DEPRCATED!!! please see https://github.com/C3BI-pasteur-fr/UTechSCB-SCHNAPPs
- Shiny app for exploration of single Cell data
Table of contents generated with markdown-toc
This is a shiny / RStudio app for the exploration and analysis of single cell RNAseq data as it comes from 10X or MARSseq technologies. It is currently being developed based on user requests of the Cytometry and Biomarkers UTechS at the Pasteur Institute, Paris. The goal is to enable the users of our platform to explore their data, select cells they would like to work with and then perform the final analysis together with the bioinformatics support here at Pasteur.
The original version of this app is CellView (https://github.com/mohanbolisetty/CellView), but it was substantially modified. It helped me get started.
Here, I organize the development tasks of the application. Could probably also be done within Gitlab, but I am more used to working with Trello... There are also a lot of "TODO" items in the code that need to be worked on...
Download git repository from gitlab/github (https://gitlab.pasteur.fr/hub/scShinyHub (need account for this one) or https://github.com/baj12/scShinyHub (public more stable version)). In RStudio create a new project (version control, git)
I needed to have TCL/TK installed to be able to install the sm package.
requiredPackages= c("psych", "scran", "shiny", "shinyTree", "plotly", "shinythemes", "ggplot2", "DT",
"pheatmap", "threejs", "sm", "RColorBrewer", "mclust", "reshape", "knitr", "kableExtra", "shinyWidgets", "scater", "biomaRt", "devtools", "dplyr", "edgeR", "gplots", "shinydashboard", "stringi", "svglite")

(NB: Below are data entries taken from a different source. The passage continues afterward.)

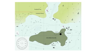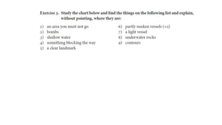 The document contains information related to nautical charts and navigation techniques. It discusses topics such as variation, dead reckoning, fixes, bearings, waypoints, legs, drift, intended course, and chart symbols. It also contains exercises on plotting a course, correcting mistakes, identifying chart symbols, and understanding navigational buoyage systems. The document appears to be from a training course or instruction manual about how to read and use nautical charts.
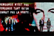 Placés devant ce mur d’images qui, entre chaque scène jouée, diffuse des extraits, forcément caricaturaux, des journaux de Fox News, les six comédiens font ce qu’ils peuvent entre ce texte pas toujours bien structuré et une direction d’acteurs qui les conduit à être en permanence face au public. Cette forme de prise à témoin des spectateurs peut également être considérée comme un élément supplémentaire dans la constitution d’une charge un peu lourde. Ce risque, forcément inhérent à ce type de proposition naturellement située « du bon côté du manche » (surtout quand, publiée en 2010, elle est écrite une fois que les masques sont tombés) n’est donc nullement écarté dans Hôtel Palestine.
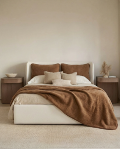 The duvet is soft, gentle, and lightweight, yet warm enough for everyday use. Its natural warm caramel color adds coziness to the bedroom and easily complements various interior styles.

install.packages(c("rafalib", "shinydashboard", "shinyBS", "shinythemes", "Rfast", "shinycssloaders", "pryr", "scran"))
rafalib::install_bioc(requiredPackages)
devtools::install_github("mul118/shinyMCE")

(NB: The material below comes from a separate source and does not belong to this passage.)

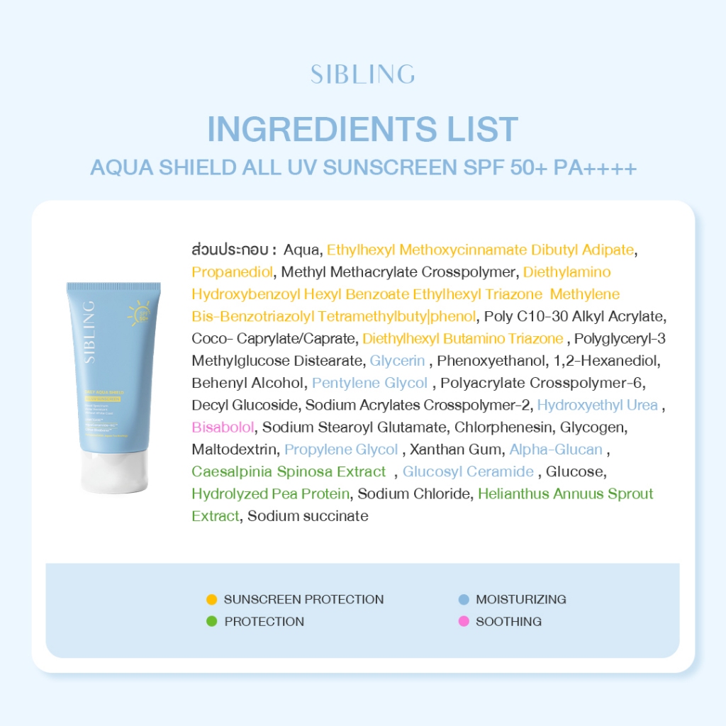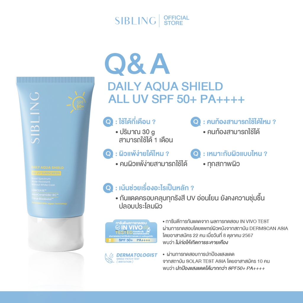 SIBLING Daily Aqua Shield All UV Sunscreen SPF50+ PA++++ (30g.) | กันแดดซิบบลิ้ง

devtools::install_github("jlmelville/uwot")
devtools::install_github("daattali/colourpicker")
BiocManager::install("TRONCO")
install.packages("sm")
https://support.10xgenomics.com/single-cell-gene-expression/software/pipelines/latest/rkit
need to have gfortran installed as well
Simply open the file server.R in RStudio and click the Run button in RStudio.

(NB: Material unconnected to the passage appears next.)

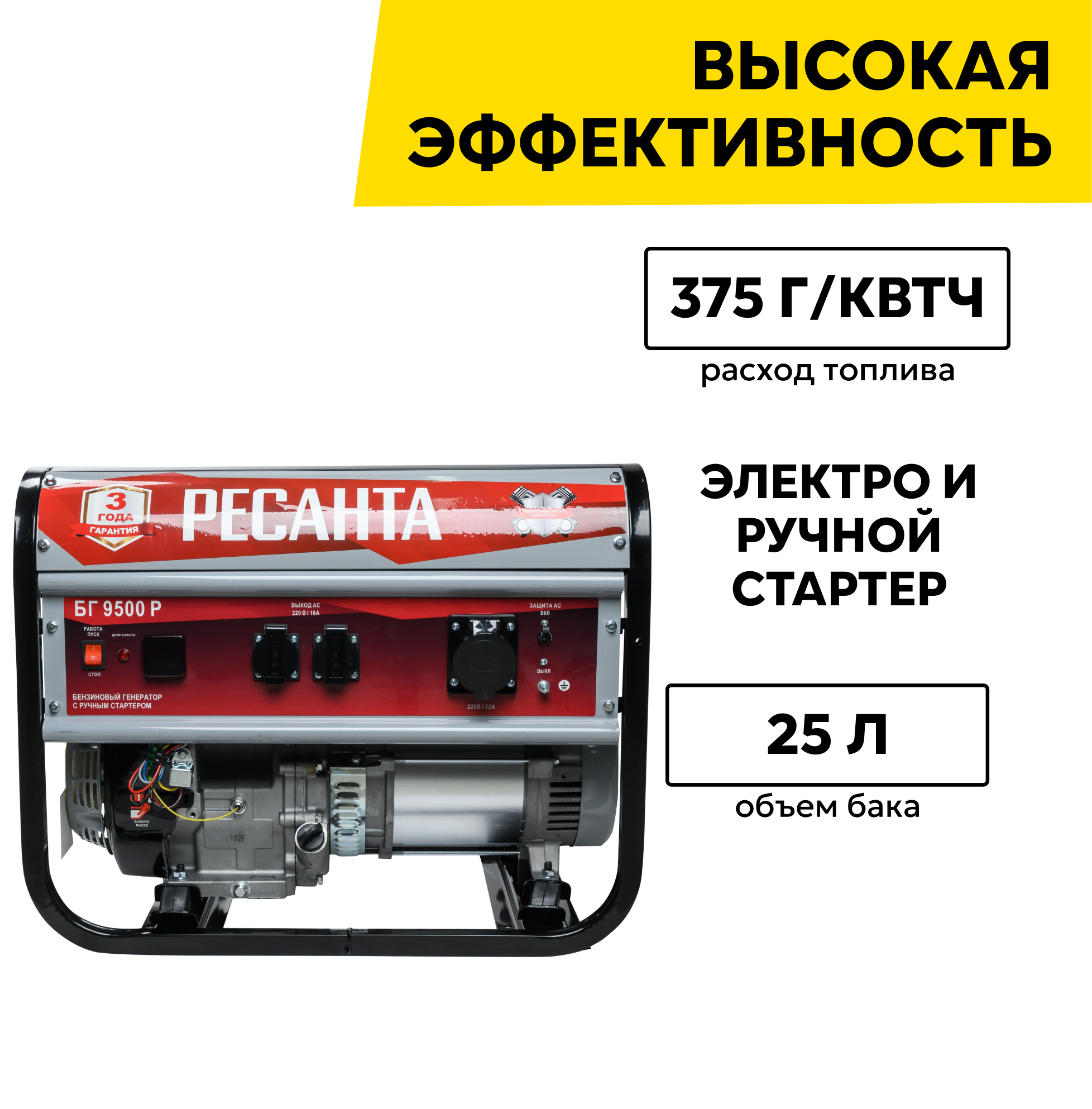 Бензиновый генератор РЕСАНТА БГ 9500 Р, (8000 Вт)

(Images can be enlarged by clicking on them)
This package should allow a non-bioinformatician to work with single cell data. I.e. with the counts that have been created after aligning and mapping of sequenced reads to the genes of the reference genome. It is (for now) also required to create the input data as a preformatted RData/Rds files. (Examples are provided in reformatExamples.R). For this User guide I am using a public data set of PBMC single cell RNAseq data (https://doi.org/10.1101/123810).
A key feature of this app is the ability to change the cells and genes that are being used for the rest of the app.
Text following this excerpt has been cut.